§ YOUR ASSIGNMENT
Repeat the records below exactly from the line containing "[リモコンとデバイス] > [Remote App]へ移動し、ペアリングコードを入力。" to the line containing "中兴华皖江分所执业证书", taking in both of those lines. Drop the pictures.

§ EXCERPTED RECORDS
★ ★ ★ ★

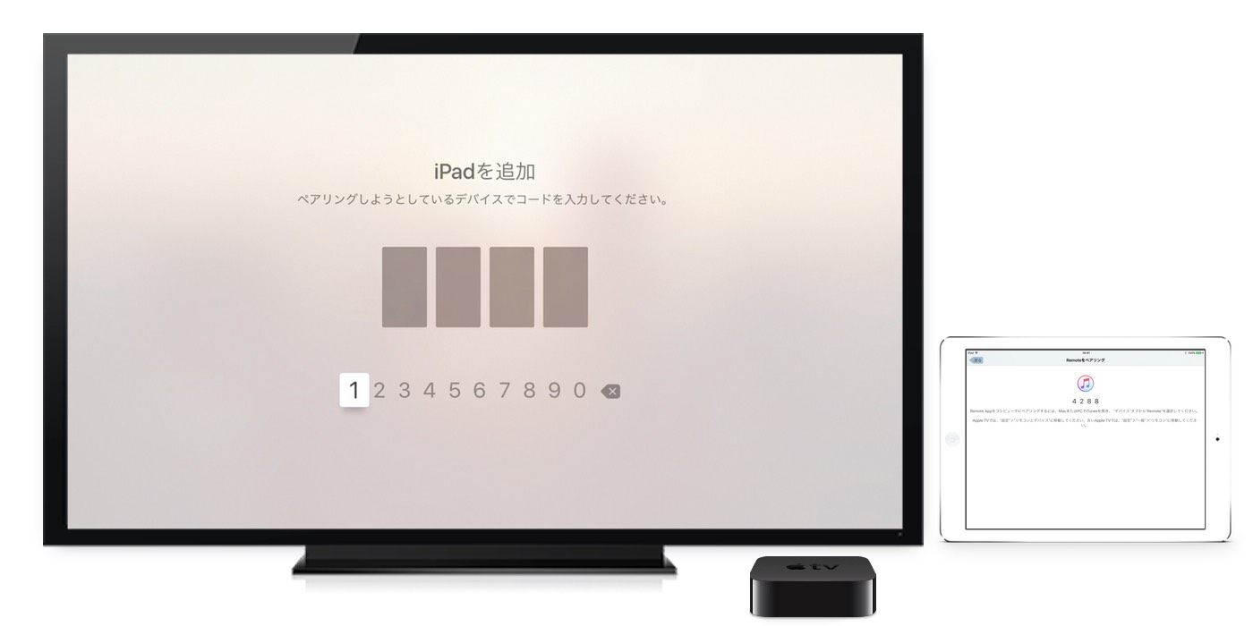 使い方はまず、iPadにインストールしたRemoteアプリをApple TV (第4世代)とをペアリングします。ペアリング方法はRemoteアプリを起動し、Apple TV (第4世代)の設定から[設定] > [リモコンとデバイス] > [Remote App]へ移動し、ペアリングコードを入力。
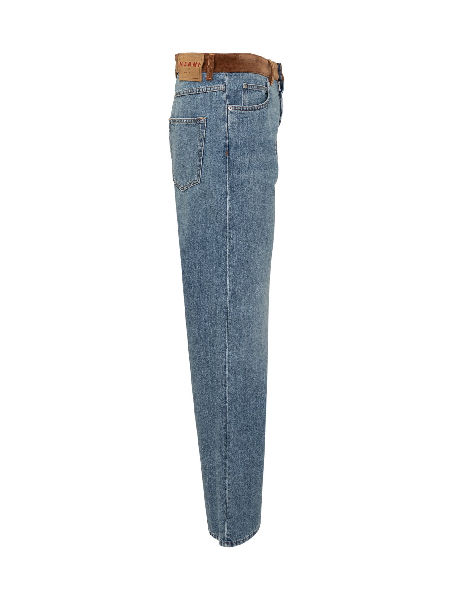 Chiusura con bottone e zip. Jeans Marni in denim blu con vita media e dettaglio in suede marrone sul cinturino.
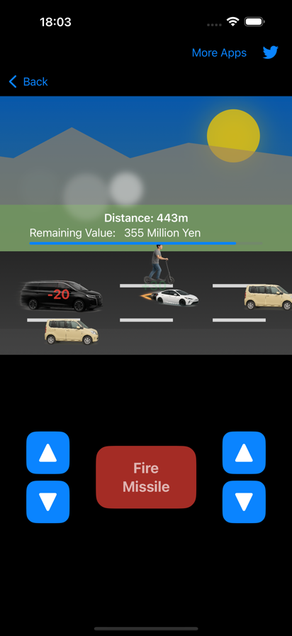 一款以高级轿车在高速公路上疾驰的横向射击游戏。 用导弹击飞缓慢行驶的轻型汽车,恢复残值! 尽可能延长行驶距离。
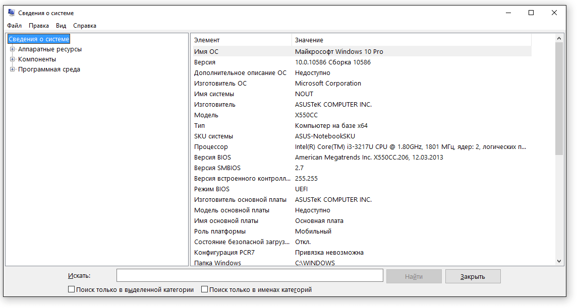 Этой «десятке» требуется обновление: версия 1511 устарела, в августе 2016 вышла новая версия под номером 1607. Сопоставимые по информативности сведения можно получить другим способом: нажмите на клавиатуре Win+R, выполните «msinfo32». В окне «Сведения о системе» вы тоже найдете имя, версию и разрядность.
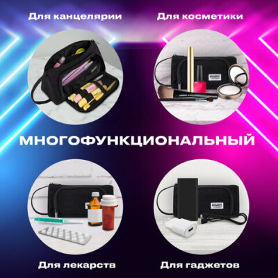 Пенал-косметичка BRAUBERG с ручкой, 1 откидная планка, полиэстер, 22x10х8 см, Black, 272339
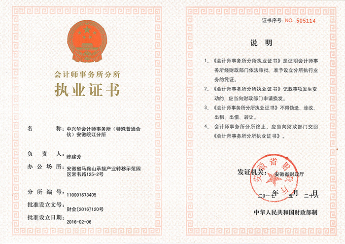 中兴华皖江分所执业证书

★ ★ ★ ★

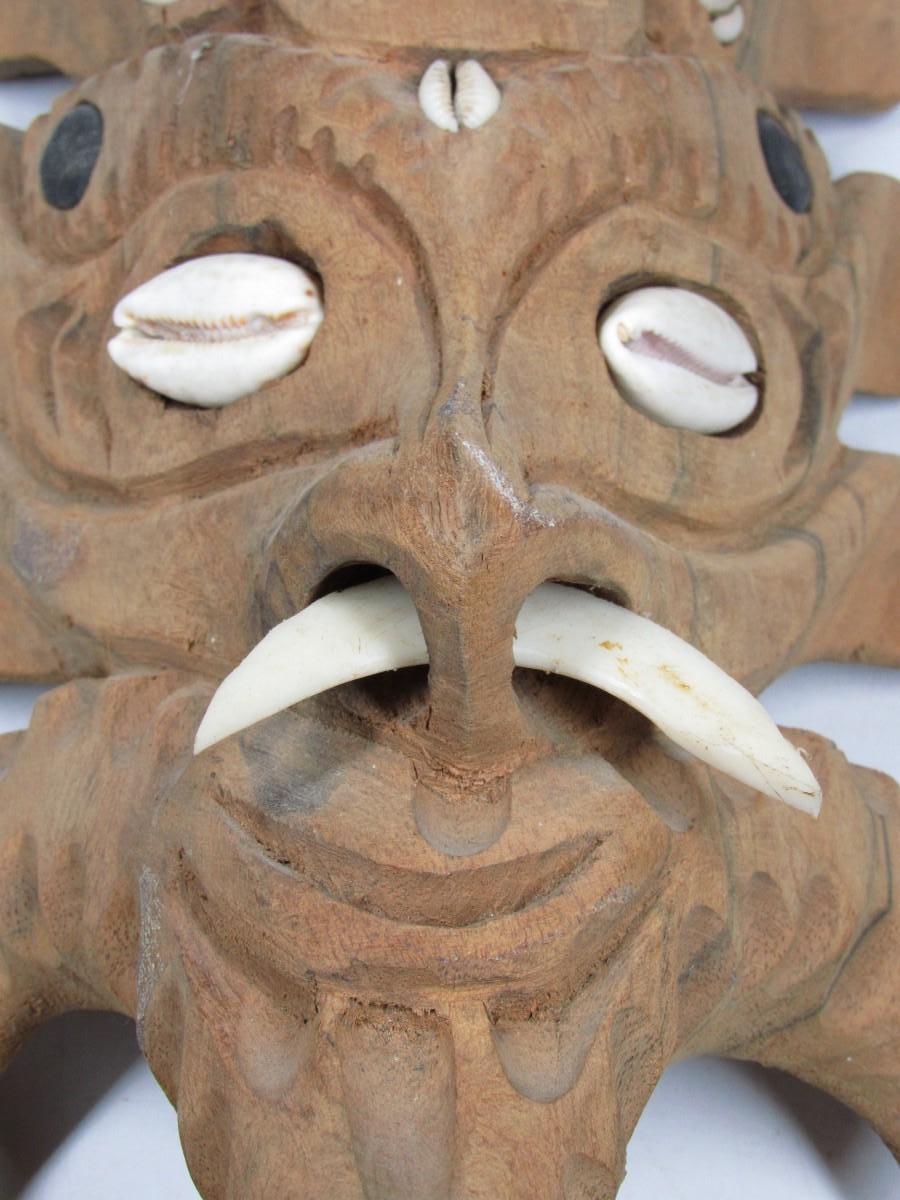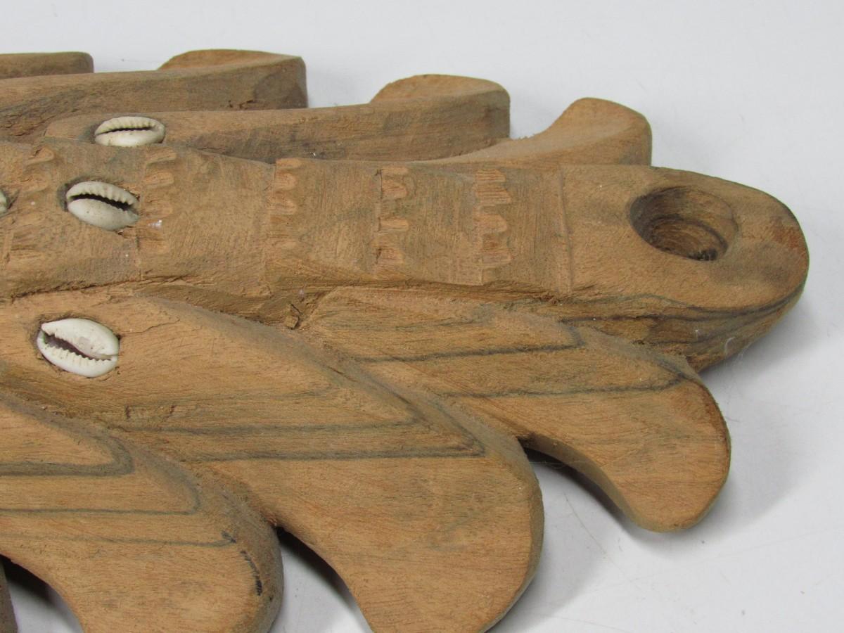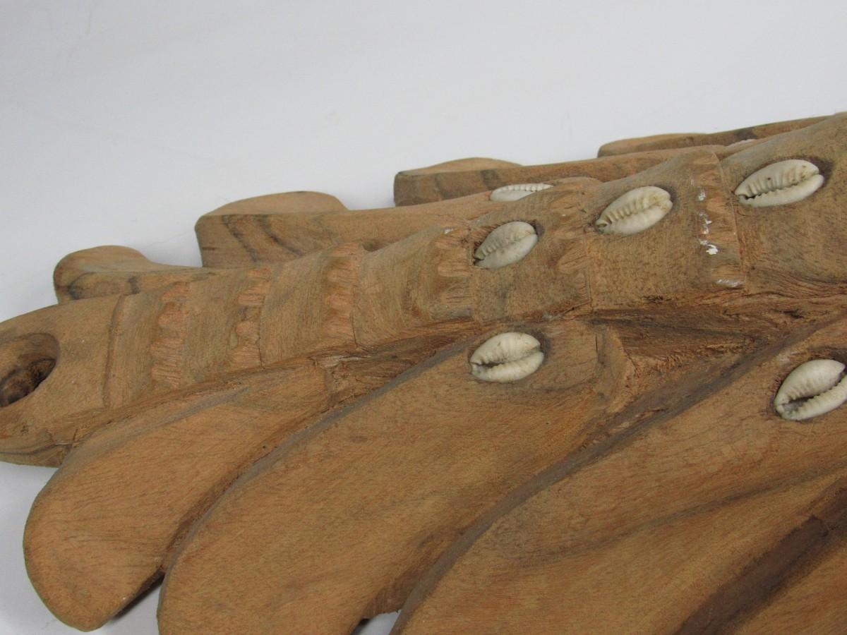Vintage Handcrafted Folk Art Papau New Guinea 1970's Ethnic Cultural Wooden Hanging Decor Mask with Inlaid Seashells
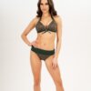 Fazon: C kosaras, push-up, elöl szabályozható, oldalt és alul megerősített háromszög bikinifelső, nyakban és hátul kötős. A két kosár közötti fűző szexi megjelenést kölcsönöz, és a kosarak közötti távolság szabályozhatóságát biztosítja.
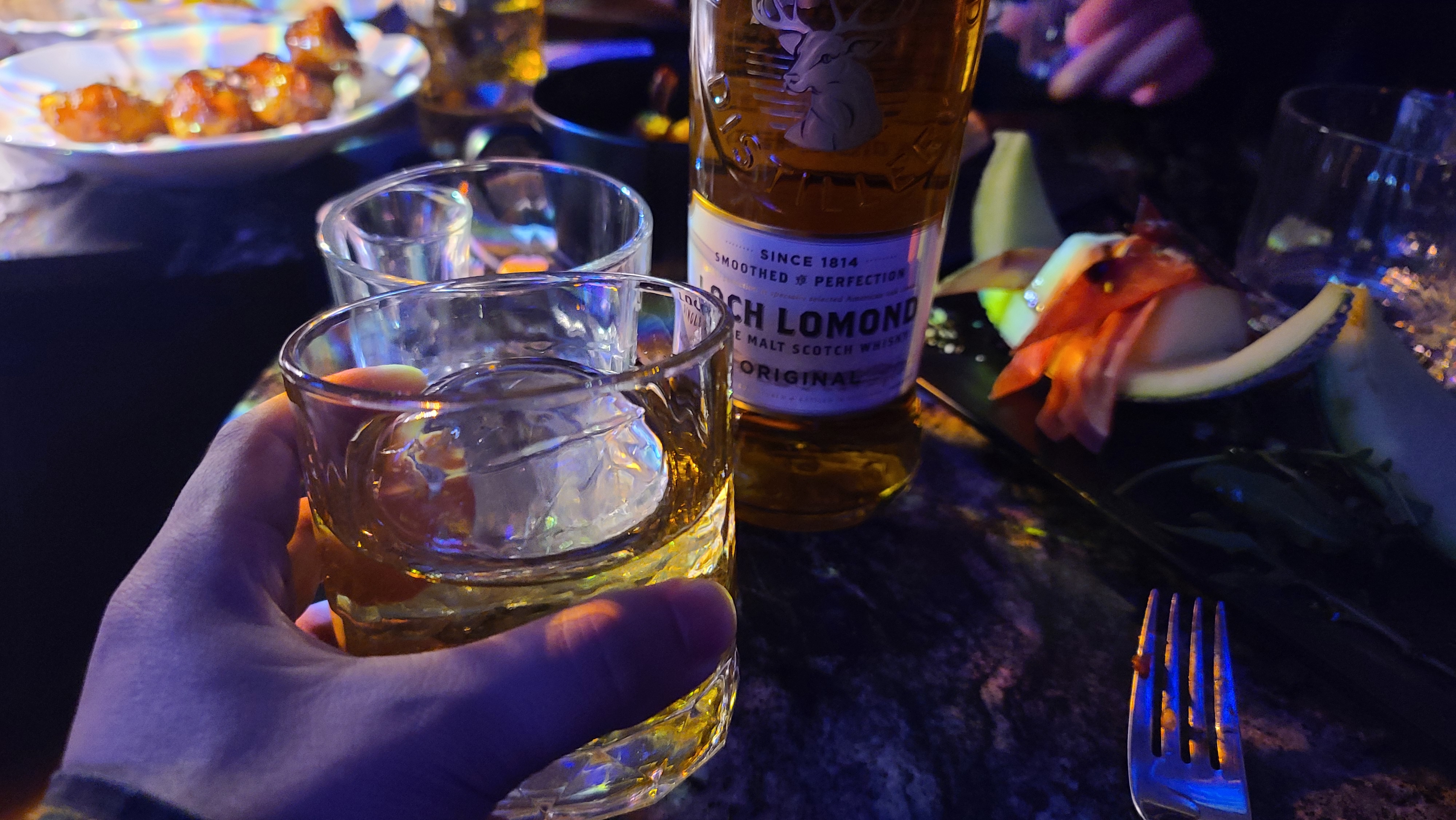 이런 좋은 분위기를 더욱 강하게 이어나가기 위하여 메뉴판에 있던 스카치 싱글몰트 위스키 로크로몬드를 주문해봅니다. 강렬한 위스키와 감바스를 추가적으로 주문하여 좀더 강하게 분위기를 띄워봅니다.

★ ★ ★ ★

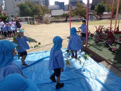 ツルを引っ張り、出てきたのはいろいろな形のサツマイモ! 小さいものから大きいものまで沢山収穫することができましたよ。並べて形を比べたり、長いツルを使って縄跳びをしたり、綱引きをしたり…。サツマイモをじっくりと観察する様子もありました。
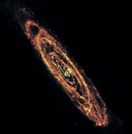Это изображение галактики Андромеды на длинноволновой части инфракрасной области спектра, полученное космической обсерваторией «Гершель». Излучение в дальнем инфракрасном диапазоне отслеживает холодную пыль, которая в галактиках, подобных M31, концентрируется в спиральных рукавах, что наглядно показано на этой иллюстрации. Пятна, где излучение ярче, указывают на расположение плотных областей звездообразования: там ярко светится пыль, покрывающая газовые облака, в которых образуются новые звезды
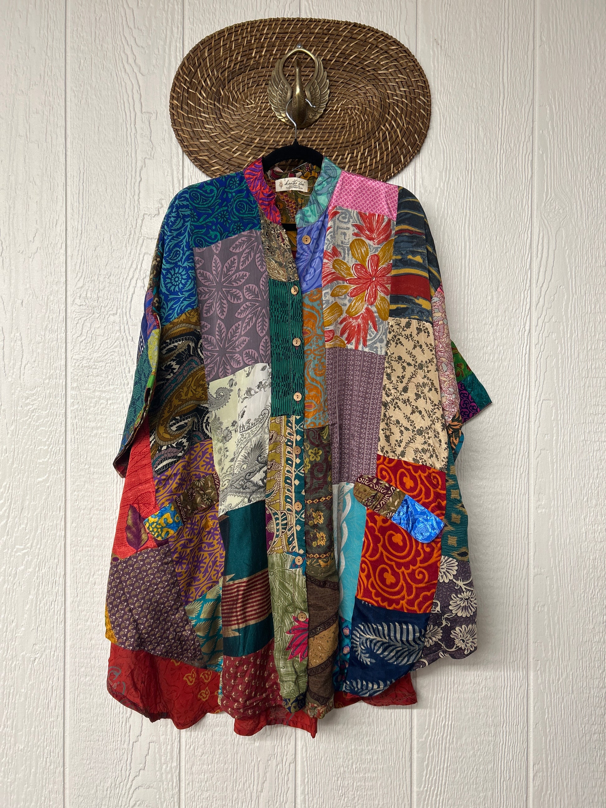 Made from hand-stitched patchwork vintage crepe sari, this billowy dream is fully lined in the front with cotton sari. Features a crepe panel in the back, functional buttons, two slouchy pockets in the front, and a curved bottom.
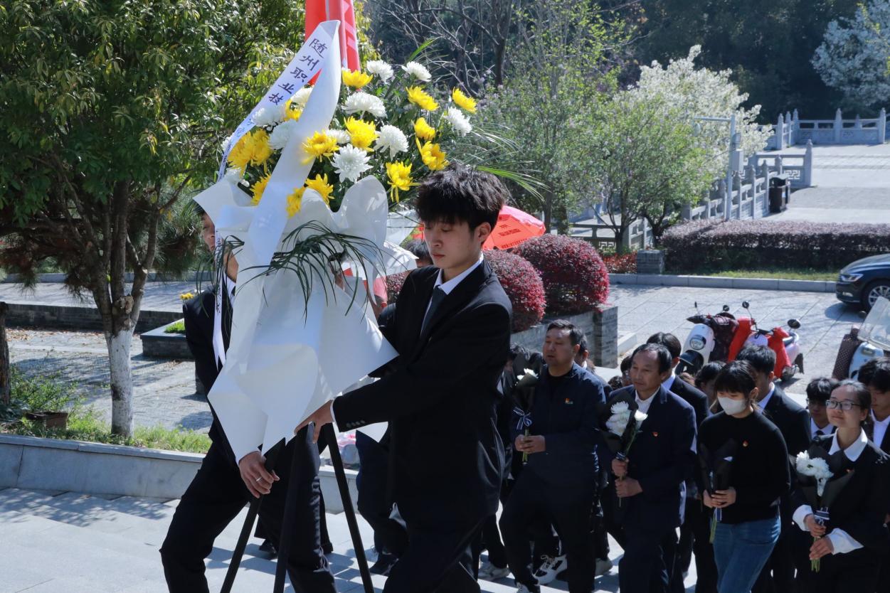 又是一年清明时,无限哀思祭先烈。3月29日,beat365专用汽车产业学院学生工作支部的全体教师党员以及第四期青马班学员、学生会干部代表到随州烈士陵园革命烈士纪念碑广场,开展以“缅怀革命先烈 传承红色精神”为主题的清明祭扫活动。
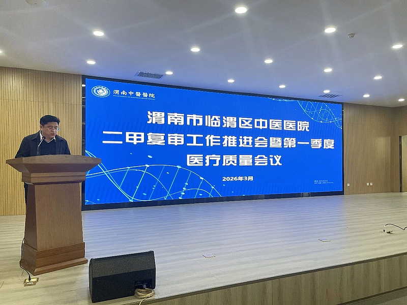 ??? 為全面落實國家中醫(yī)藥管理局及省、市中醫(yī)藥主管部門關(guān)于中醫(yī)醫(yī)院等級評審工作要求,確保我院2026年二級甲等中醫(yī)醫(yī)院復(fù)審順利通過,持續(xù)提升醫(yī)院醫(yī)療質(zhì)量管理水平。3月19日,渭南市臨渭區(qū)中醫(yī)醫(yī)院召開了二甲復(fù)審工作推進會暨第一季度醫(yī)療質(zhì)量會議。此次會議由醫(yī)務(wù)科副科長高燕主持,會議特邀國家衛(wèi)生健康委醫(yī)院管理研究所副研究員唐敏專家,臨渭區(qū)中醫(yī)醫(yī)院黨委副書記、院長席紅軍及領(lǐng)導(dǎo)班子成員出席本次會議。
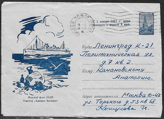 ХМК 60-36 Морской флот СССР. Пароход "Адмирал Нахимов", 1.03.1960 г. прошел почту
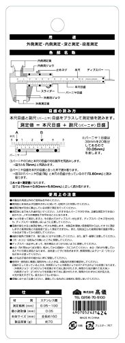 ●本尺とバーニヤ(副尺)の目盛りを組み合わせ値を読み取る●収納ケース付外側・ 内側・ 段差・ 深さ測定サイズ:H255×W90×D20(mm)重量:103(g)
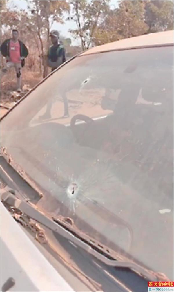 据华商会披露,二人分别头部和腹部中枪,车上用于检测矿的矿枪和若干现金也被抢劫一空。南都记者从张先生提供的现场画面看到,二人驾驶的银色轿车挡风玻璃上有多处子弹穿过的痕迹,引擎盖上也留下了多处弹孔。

★ ★ ★ ★

§ RESULT FOR THIS EXERCISE
 使い方はまず、iPadにインストールしたRemoteアプリをApple TV (第4世代)とをペアリングします。ペアリング方法はRemoteアプリを起動し、Apple TV (第4世代)の設定から[設定] > [リモコンとデバイス] > [Remote App]へ移動し、ペアリングコードを入力。
 Chiusura con bottone e zip. Jeans Marni in denim blu con vita media e dettaglio in suede marrone sul cinturino.
 一款以高级轿车在高速公路上疾驰的横向射击游戏。 用导弹击飞缓慢行驶的轻型汽车,恢复残值! 尽可能延长行驶距离。
 Этой «десятке» требуется обновление: версия 1511 устарела, в августе 2016 вышла новая версия под номером 1607. Сопоставимые по информативности сведения можно получить другим способом: нажмите на клавиатуре Win+R, выполните «msinfo32». В окне «Сведения о системе» вы тоже найдете имя, версию и разрядность.
 Пенал-косметичка BRAUBERG с ручкой, 1 откидная планка, полиэстер, 22x10х8 см, Black, 272339
 中兴华皖江分所执业证书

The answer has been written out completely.